### Try it
Pictures in the listing below are skipped, while the lines from the "内容非常丰富,模板多种多样,可自由进行短视频的编辑。" line through the "You can start" line are returned word for word.

### The records
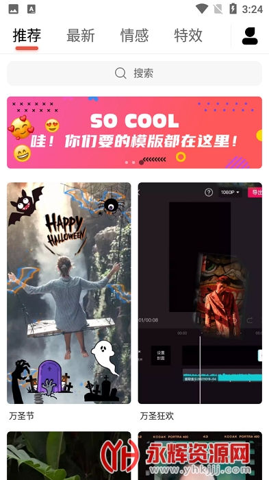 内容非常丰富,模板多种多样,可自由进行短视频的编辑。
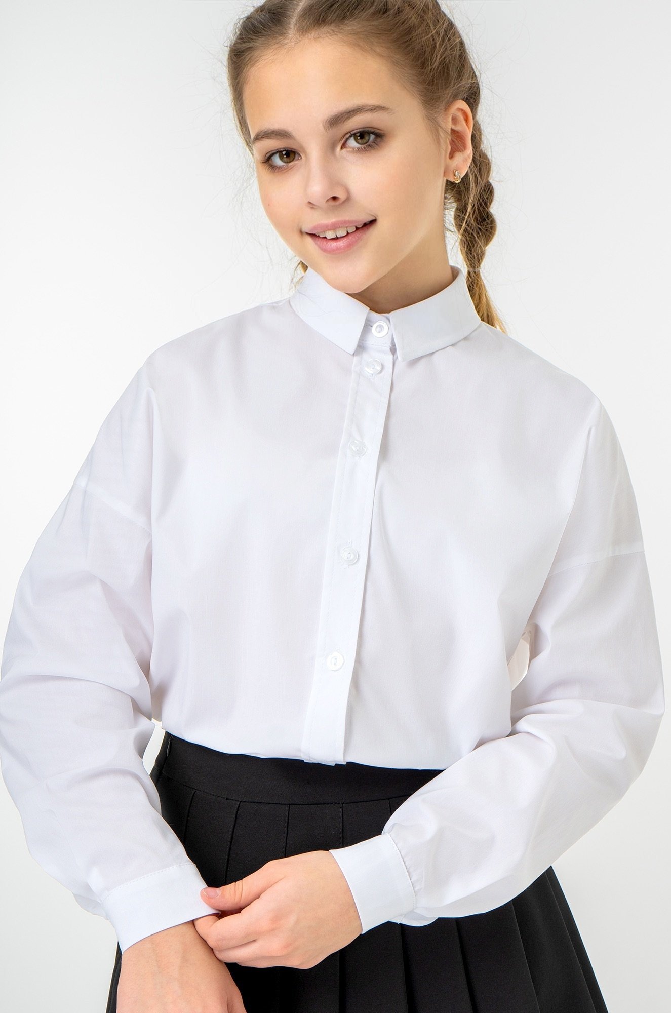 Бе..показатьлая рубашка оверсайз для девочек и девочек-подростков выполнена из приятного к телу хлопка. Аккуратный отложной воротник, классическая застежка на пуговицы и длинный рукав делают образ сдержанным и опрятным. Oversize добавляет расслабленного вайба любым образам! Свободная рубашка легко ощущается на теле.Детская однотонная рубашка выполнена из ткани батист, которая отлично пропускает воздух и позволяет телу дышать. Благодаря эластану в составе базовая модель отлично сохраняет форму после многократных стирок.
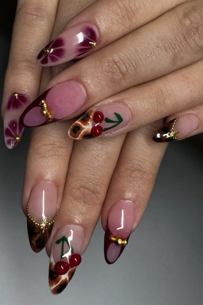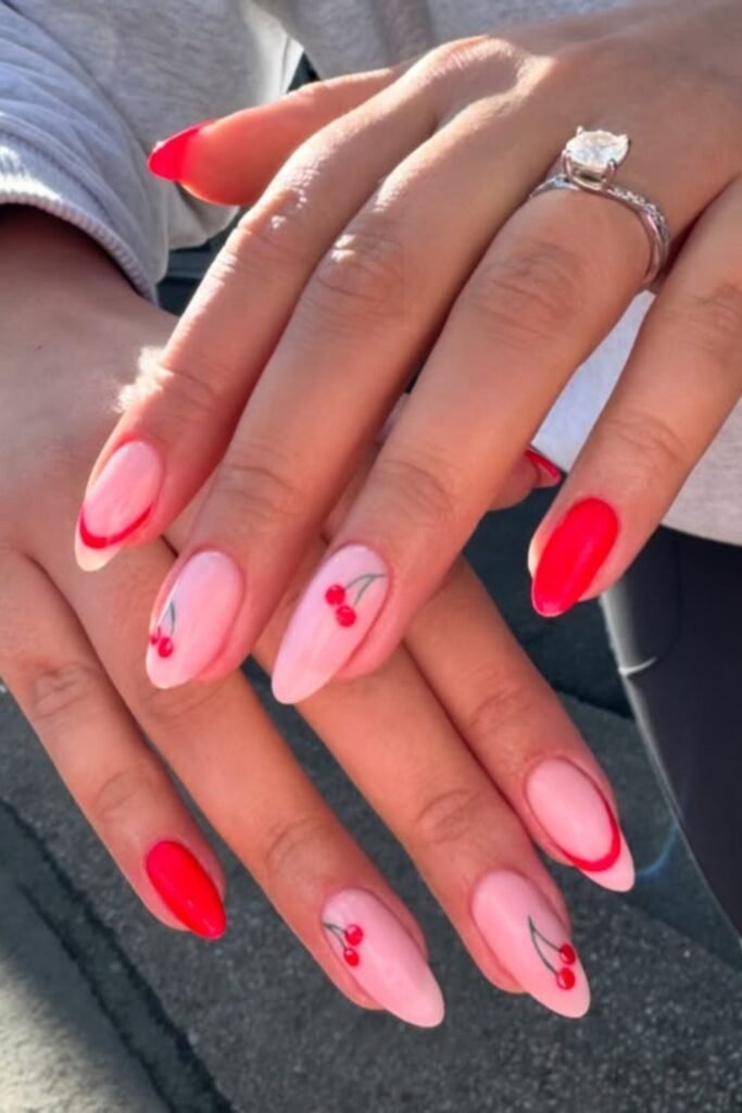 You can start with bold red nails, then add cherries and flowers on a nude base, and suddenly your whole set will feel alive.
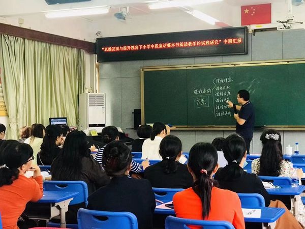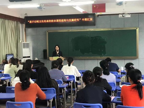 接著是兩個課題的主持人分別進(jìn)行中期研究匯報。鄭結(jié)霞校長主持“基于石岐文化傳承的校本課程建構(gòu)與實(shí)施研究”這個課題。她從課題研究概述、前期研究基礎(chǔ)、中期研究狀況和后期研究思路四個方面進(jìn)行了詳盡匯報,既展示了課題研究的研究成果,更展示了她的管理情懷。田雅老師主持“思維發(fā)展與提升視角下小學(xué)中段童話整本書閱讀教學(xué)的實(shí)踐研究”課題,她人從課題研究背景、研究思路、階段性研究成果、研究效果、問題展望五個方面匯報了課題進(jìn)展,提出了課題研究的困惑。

* * *

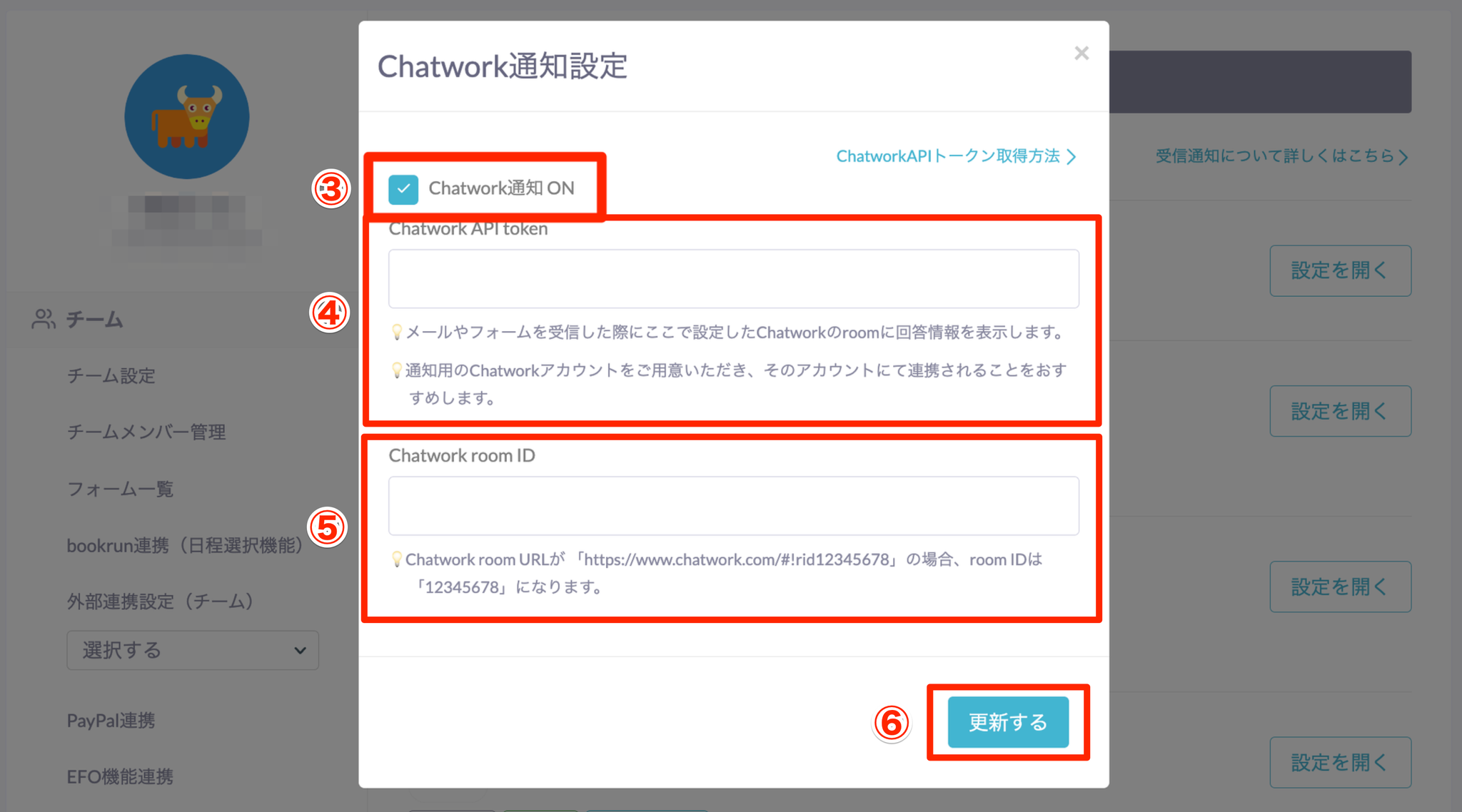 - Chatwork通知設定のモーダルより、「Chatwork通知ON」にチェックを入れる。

---

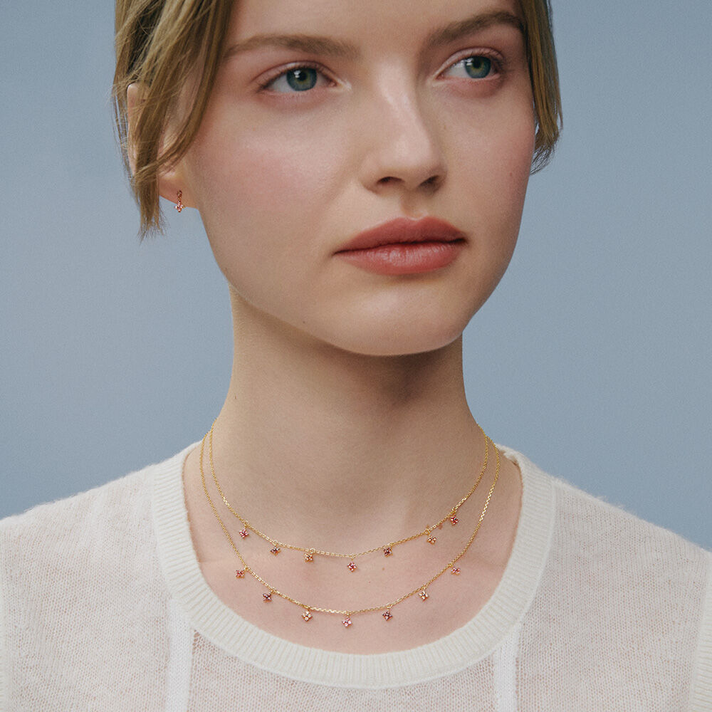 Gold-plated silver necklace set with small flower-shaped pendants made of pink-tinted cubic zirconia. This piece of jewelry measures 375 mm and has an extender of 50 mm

### Solution to this problem
 内容非常丰富,模板多种多样,可自由进行短视频的编辑。
 Бе..показатьлая рубашка оверсайз для девочек и девочек-подростков выполнена из приятного к телу хлопка. Аккуратный отложной воротник, классическая застежка на пуговицы и длинный рукав делают образ сдержанным и опрятным. Oversize добавляет расслабленного вайба любым образам! Свободная рубашка легко ощущается на теле.Детская однотонная рубашка выполнена из ткани батист, которая отлично пропускает воздух и позволяет телу дышать. Благодаря эластану в составе базовая модель отлично сохраняет форму после многократных стирок.
 You can start with bold red nails, then add cherries and flowers on a nude base, and suddenly your whole set will feel alive.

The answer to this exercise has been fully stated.